The rights of all individuals and population groups are to be respected fully.
Property ownership is defined, and protected.  The ownership of Fijian land according to Fijian custom is preserved, along with the ownership of freehold land.  The rights of landlords and tenants under leases of agricultural land are formally recognized and protected.  Indigenous Fijians insisted on this clause, fearful that a future government dominated by Indo-Fijians might try to change the land laws, under which more than eighty percent of the land is still owned by Fijian tribes, but leased by individuals, including Indo-Fijians.  The fear of forced land reform had been one of the pretexts given by instigators and supports of the coup of 1987, which removed an Indo-Fijian supported government from power.
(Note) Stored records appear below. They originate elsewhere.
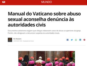 aconselhando seus bispos a relatarem casos de abuso sexual de menores de idade cometidos por padres às autoridades civis, mesmo que a lei local não os obrigue a isso, endurecendo sua orientação oficial a respeito de uma questão que abalou a Igreja Católica nos últimos anos. Porém, fica a interrogação: como proceder quando o acusado for um bispo, cardeal ou uma autoridade maior? A quem recorrer? Direto ao Papa? Matéria aqui.
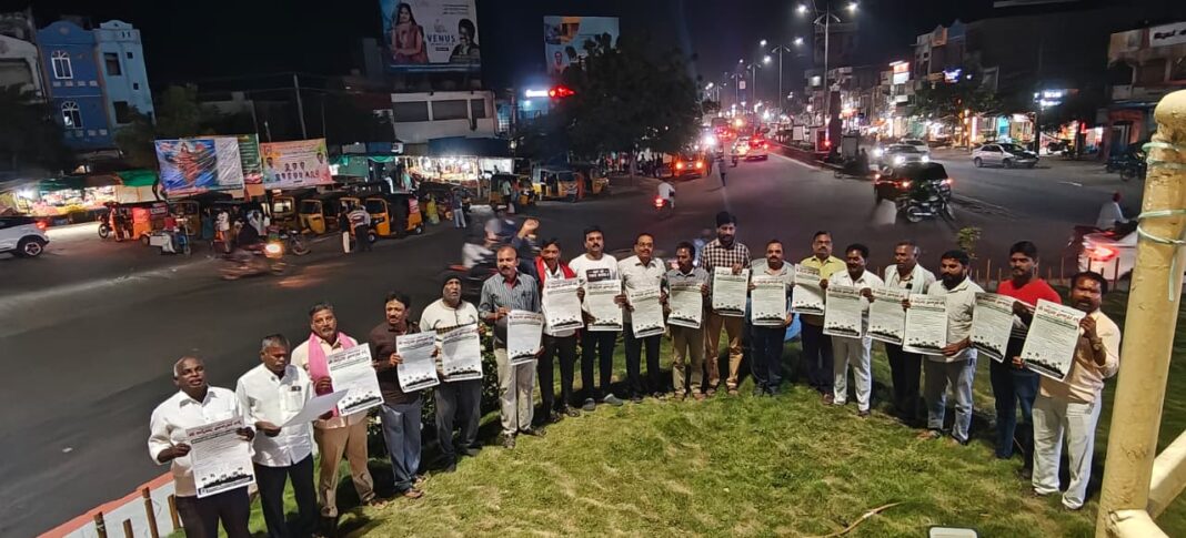 బీసీల రిజర్వేషన్ల కోసం ఈనెల 29న మానవ హక్కుల వేదిక ఆధ్వర్యంలో జమ్మికుంట దినేష్ కన్వీన్షన్ లో నిర్వహించే బీసీ రిజర్వేషన్ల సదస్సుని విజయవంతం చేయాలని పలు సంఘాల నాయకులు కోరారు. దీనికి సంబందించిన మానవ హక్కుల వేదిక, వివిధ రాజకీయ పార్టీలు, దళిత, ప్రజాసంఘాల ఆధ్వర్యంలో హుజురాబాద్ అంబేద్కర్ చౌరస్తాలో సదస్సుకు సంబందించిన వాల్ పోస్టర్, కరపత్రాన్ని ఆవిష్కరించారు. ఈ సందర్భంగా వారు మాట్లాడుతూ తరతరాలుగా విద్యా, గౌరవం, సంపద, అధికారం సమీపాలకు రాకుండా బీసీ కులాలు అణచివేయబడ్డాయని, ఎన్నో ఏళ్లుగా వ్యవస్థీకృత పీడన పర్యవసానాలను అనుభవిస్తున్నాయన్నారు. రాజకీయ రంగం తో పాటు ఏ కీలక రంగంలోనూ బీసీలకు ఉండాల్సినంత వాటా లేదని ఇప్పుడు బీసీలు చైతన్యవంతమై గౌరవప్రదమైన జీవితం, స్థానాలను ఆకాంక్షిస్తున్నారని వారు పేర్కొన్నారు. ఈ నేపథ్యంలో కాంగ్రెస్ పార్టీ బీసీలకు 42% రిజర్వేషన్ కల్పిస్తామని ఇచ్చిన వాగ్దానం ప్రకారం కొంత ప్రయత్నం చేస్తున్నప్పటికీ, మిగతా రాజకీయ పార్టీలు వారి చిత్తశుద్ధి కనపర్చడం లేదని ఈ నేపథ్యంలో అన్ని రాజకీయ పార్టీలో ఉన్న బీసీ నాయకత్వం పార్టీలకతీతంగా చైతన్యవంతమై ఐక్య పోరాటాలకు సిద్ధం కావాలని వారు పిలుపునిచ్చారు. బీసీలకు విద్యా, ఉద్యోగ, ఉపాధి, స్థానిక సంస్థల, చట్టసభల్లో తమ జనాభా దామాషాల్లో రిజర్వేషన్ల కొరకు కోర్టులు అడ్డురాని విధంగా రాజ్యాంగ సమ్మతంగా చట్టం చేయాలని, రాష్ట్రంలోనే కాకుండా, కేంద్ర సంస్థల్లోనూ, ప్రైవేట్ రంగంలో కూడా బీసీ రిజర్వేషన్లు అమలు చేయాలని, అత్యవసరంగా ఎన్నికలు నిర్వహించాల్సి వస్తే ప్రతి రాజకీయ పార్టీ బీసీలకు వారి జనాభా ప్రాతిపదికన సీట్లు కేటాయించాలని నాయకులు డిమాండ్ చేశారు. జమ్మికుంట సదస్సు కు అన్ని రాజకీయ పార్టీల్లో వున్న బీసీ నాయకులు, దళిత, ప్రజా సంఘాల నాయకులు, ఉద్యకారులు, బీసీయేతర ప్రజాతంత్ర మేధావులు, బుద్దిజీవులు హాజరై విజయవంతం చేయాలని వారు పిలుపునిచ్చారు. కార్యక్రమంలో మానవ హక్కుల వేదిక రాష్ట్ర ప్రధాన కార్యదర్శి డాక్టర్ తిరుపతయ్య, తెలంగాణ జన సమితి రాష్ట్ర ప్రధాన కార్యదర్శి ముక్కెర రాజు, నాయకులు గుంటి సామ్రాజ్యం, బండి రమేష్, కొలిపాక సారయ్య, మార్త రవీందర్, పులి జగన్నాథం వేల్పుల ప్రభాకర్, సాదుల వెంకన్న భీమోజు సదన్న, అనిల్ తదితరులు పాల్గొన్నారు.
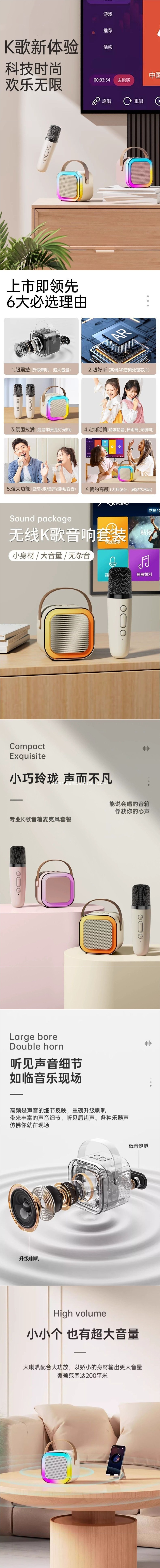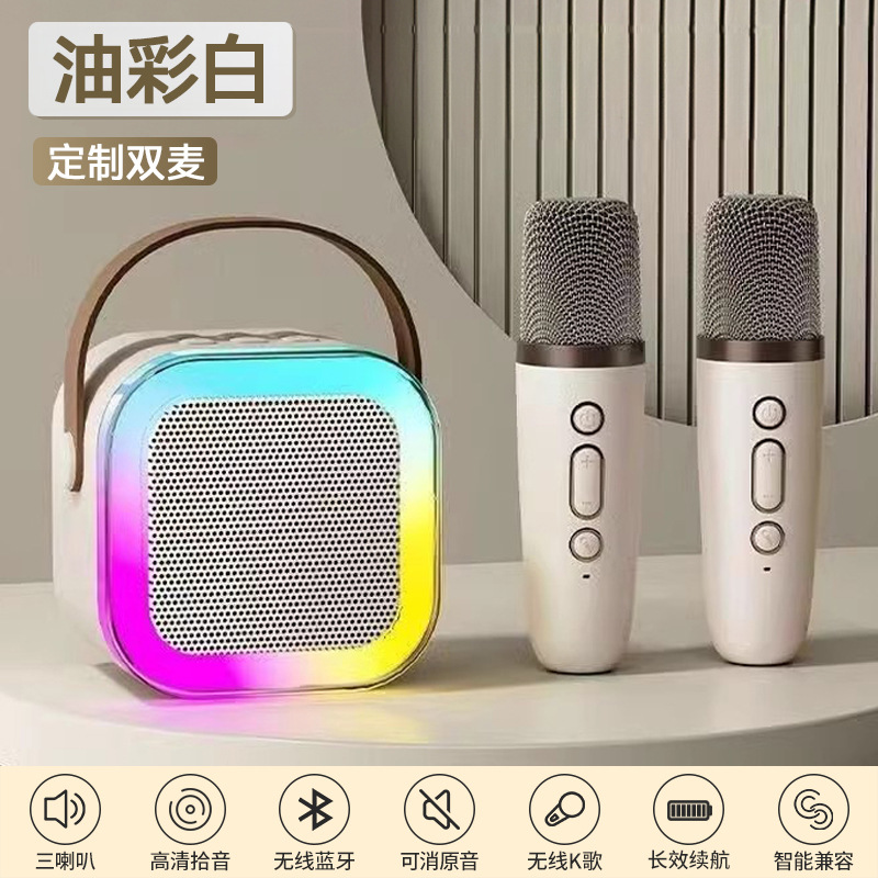 무선 올인원 홈 ktv 세트 새로운 마이크 노래방 블루투스 스피커 어린이 노래 오디오 스마트 사운드 카드스토어 가기
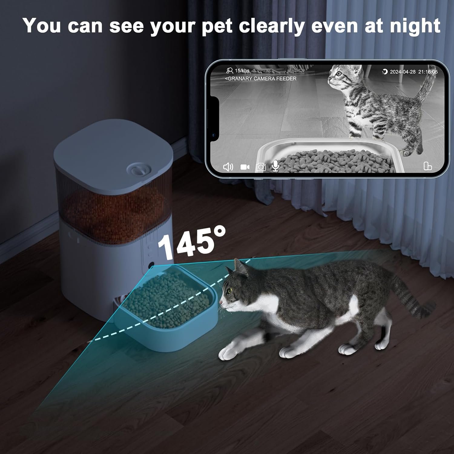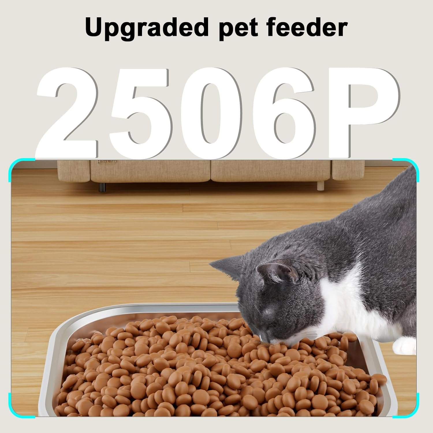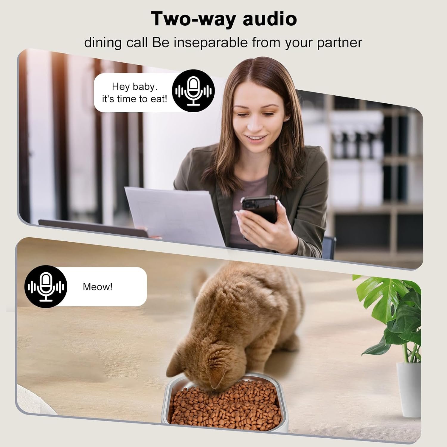 🐱【2000P HD Camera】 smart cat feeder features an HD camera with 400W/2000P high resolution and wide viewing angle, pet feeder with camera allows you to see, hear how your beloved pet is eating when you’re on the go.

The right of all Fiji citizens "to practice their religion freely and to retain their language, culture and traditions" is guaranteed.  These rights safeguard both indigenous and Indo-Fijian culture; many ethnic Fijians sought a provision to safeguard their strongly Christian traditions from possible future Indo-Fijian attempts at Hinduization if they should gain political power, while many Indo-Fijians were alarmed by the efforts of fundamentalist Christians to enshrine Christianity in the Constitution as the official religion of the republic, a goal that some Christians have continued to push for since.  This Compact enunciates a compromise that is repeated throughout the Constitution: although laced with references to Christianity, the constitution carefully protects the rights of all Fiji citizens to profess, practice both privately and publicly, and propagate all religions.  The language provisions, too, benefit both major population groups.  Increasing use of English, especially among the younger generation, has concerned leaders of both the indigenous and Indo-Fijian communities that a future government might mandate an English-only education system, which, they fear, would lead to the demise of their own languages.  But while English is the main language of most schools, the right of parents to choose schools teaching in Fijian or Hindustani - or any other language - is protected by the Constitution.
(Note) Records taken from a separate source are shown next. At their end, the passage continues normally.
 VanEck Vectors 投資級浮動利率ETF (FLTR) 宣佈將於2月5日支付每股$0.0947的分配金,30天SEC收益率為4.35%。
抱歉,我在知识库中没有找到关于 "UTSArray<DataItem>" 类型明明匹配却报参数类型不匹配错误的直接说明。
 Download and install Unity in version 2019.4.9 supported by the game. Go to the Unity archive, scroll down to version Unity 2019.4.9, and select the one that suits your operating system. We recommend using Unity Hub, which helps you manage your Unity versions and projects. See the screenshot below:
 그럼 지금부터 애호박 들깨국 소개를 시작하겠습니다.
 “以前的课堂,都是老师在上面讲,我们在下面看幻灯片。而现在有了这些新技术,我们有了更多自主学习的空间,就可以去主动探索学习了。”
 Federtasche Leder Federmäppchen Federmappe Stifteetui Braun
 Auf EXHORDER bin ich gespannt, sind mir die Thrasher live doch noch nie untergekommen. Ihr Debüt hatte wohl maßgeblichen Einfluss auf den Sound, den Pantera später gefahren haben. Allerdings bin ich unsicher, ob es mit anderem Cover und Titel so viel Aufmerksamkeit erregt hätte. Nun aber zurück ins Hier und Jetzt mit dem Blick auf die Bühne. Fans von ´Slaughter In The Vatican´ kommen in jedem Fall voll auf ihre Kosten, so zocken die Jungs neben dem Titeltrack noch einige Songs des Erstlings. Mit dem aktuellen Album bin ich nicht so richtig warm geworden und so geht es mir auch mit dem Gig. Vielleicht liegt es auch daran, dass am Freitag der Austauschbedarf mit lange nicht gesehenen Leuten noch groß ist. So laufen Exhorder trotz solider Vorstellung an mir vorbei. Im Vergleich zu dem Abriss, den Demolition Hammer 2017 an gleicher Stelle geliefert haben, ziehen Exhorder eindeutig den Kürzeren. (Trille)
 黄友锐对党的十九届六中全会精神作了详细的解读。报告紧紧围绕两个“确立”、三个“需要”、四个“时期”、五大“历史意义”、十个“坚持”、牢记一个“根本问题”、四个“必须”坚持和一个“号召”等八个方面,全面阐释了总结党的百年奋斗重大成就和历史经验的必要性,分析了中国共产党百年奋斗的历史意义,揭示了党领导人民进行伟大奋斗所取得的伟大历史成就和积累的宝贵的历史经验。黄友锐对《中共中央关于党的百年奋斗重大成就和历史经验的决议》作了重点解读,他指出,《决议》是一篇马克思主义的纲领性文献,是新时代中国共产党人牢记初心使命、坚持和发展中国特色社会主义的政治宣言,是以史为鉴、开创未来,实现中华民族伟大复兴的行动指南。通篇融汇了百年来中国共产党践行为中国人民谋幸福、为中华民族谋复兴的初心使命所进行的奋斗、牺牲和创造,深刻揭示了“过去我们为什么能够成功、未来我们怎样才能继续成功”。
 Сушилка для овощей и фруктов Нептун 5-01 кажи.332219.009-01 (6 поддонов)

The "separate" administrative systems - in other words, the traditional chiefly systems - of the Fijian and Rotuman people are preserved.  The purpose of this is twofold.  Many ethnic Fijians see the rule of their chiefs, each of whom heads a matagali, or clan, as a bulwark against domination by non-Fijians.  Although similar in some respects to the British Peerage system, it is closer to the people, as almost all ethnic Fijians are somewhat closely related to a Ratu (chief), whose power therefore gives the entire clan a direct voice in politics.  The second provision, for the Rotuman administrative system, was to assuage the fears of the Rotuman Islanders of political and cultural domination by the other population groups.  Related more closely to the New Zealand Māoris and other Polynesian peoples than to the Fijians, who are predominantly Melanesian, and numbering only ten thousand, about 1.2 percent of Fiji's total population, they wanted their cultural identity protected, along with a degree of political autonomy.  In 1987, following the coup, Rotuman secessionists had tried to organize a bid for independence from Fiji.  This clause in the Compact may be seen as an attempt to placate them.
All Fiji citizens, of whatever ethnic background, are guaranteed equality before the law.  Their right to make their permanent homes in the Fiji Islands is also protected.
Every Fiji citizen is guaranteed the right to form or join a political party, to participate in electoral campaigns, and to vote and hold political office.  Elections to the House of Representatives are to be free, fair, by secret ballot, and ultimately on the basis of equal suffrage.  This was to redress the grievances of the Indo-Fijian community that under the previous constitution (adopted in 1990), the allocation of specific numbers of seats to particular ethnic communities had greatly overrepresented ethnic Fijians, at their expense.
A government (executive) must be formed that has the support of a majority in the House of Representatives.  Inclusion of a particular political party in the Cabinet (executive) depends on the electoral support for that party in the most recent election.  No political party, however, may be forced to participate in the Cabinet against its will.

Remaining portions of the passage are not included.